Joystream / joystream

Joystream Monorepo
http://www.joystream.org
GNU General Public License v3.0
1.42k stars 115 forks source link

[Bug] Object upload request to the storage-node fail even though the call to `accept_pending_data_objects` in the same request succeeds #4968

Closed zeeshanakram3 closed 11 months ago

zeeshanakram3 commented 11 months ago

Context

        "trace": [
          {
            "file": "/joystream/node_modules/promise-timeout/index.js",
            "method": "TimeoutError",
            "native": false,
            "line": 44,
            "function": "new module.exports.TimeoutError",
            "column": 16
          },
          {
            "file": "/joystream/node_modules/promise-timeout/index.js",
            "method": "timeout",
            "native": false,
            "line": 20,
            "function": "module.exports.timeout",
            "column": 15
          },
          {
            "file": "/joystream/storage-node/lib/services/runtime/extrinsics.js",
            "method": null,
            "native": false,
            "line": 207,
            "function": "extrinsicWrapper",
            "column": 45
          },
          {
            "file": "/joystream/storage-node/lib/services/runtime/extrinsics.js",
            "method": null,
            "native": false,
            "line": 115,
            "function": "acceptPendingDataObjects",
            "column": 18
          },
          {
            "file": "/joystream/storage-node/lib/services/webApi/controllers/filesApi.js",
            "method": null,
            "native": false,
            "line": 99,
            "function": "uploadFile",
            "column": 57
          }
        ],

As recorded, some data object upload requests (endpoint: POST /api/v1/files) to the storage node fail (Error 500: Timeout) even though the call to accept_pending_data_objects in the same request succeeds. This is happening because the extrinsicWrapper - which calls the accept_pending_data_objects after the object upload has been completed on the storage node and the storage node verifies that the object is valid (e.g. it's size, and hash matches the runtime values) - is hardcoded with 25s default timeout.
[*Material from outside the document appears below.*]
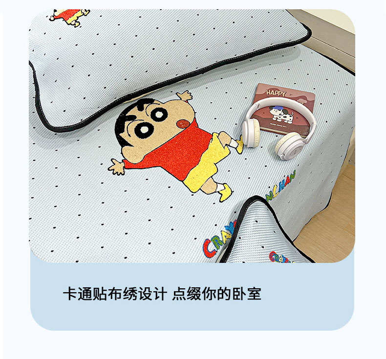 当前位置: 91家纺网 > 商品网购 > 床上用品 > 凉席 > 凉席套件 > 桃子家居 2026新款A类PE凉感卡通蜡笔小新毛巾绣高端工艺空调软席凉席三件套系列 PE蜡笔小新-调皮小新
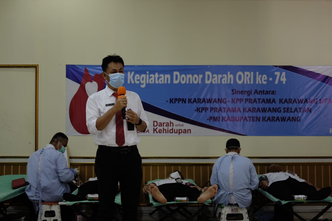 Kantor Pelayanan Pajak (KPP) Pratama Karawang Selatan, KPP Pratama Karawang Utara, dan KPPN Karawang bekerja sama dengan Palang Merah Indonesia melaksanakan kegiatan Donor Darah di Aula KPPN Karawang (Senin, 19/10). Sebanyak 100 pegawai mengikuti donor darah yang merupakan rangkaian peringatan Hari Oeang Republik Indonesia (HORI) yang ke-74.

_Now, the problem is that after sending the accept_pending_data_objects tx, extrinsicWrapper will timeout after 25s, even though tx may get included in the block after this timeout and eventually gets succeeded, so the side-effect in runtime has happened and the storage-node is not aware of it, or incorrectly it assumes that every timed out tx would eventually fail._

Implications

After the error is thrown from the acceptPendingDataObjects the catch block of the calling function performs the file cleanup, so major implication of this bug is that if the object is successfully accepted in the runtime, then the cleanup step effectively leads to the permanent loss of the data object, since storage-node by design also does not allow re-uploading of the accepted object as a measure against denial of services attack.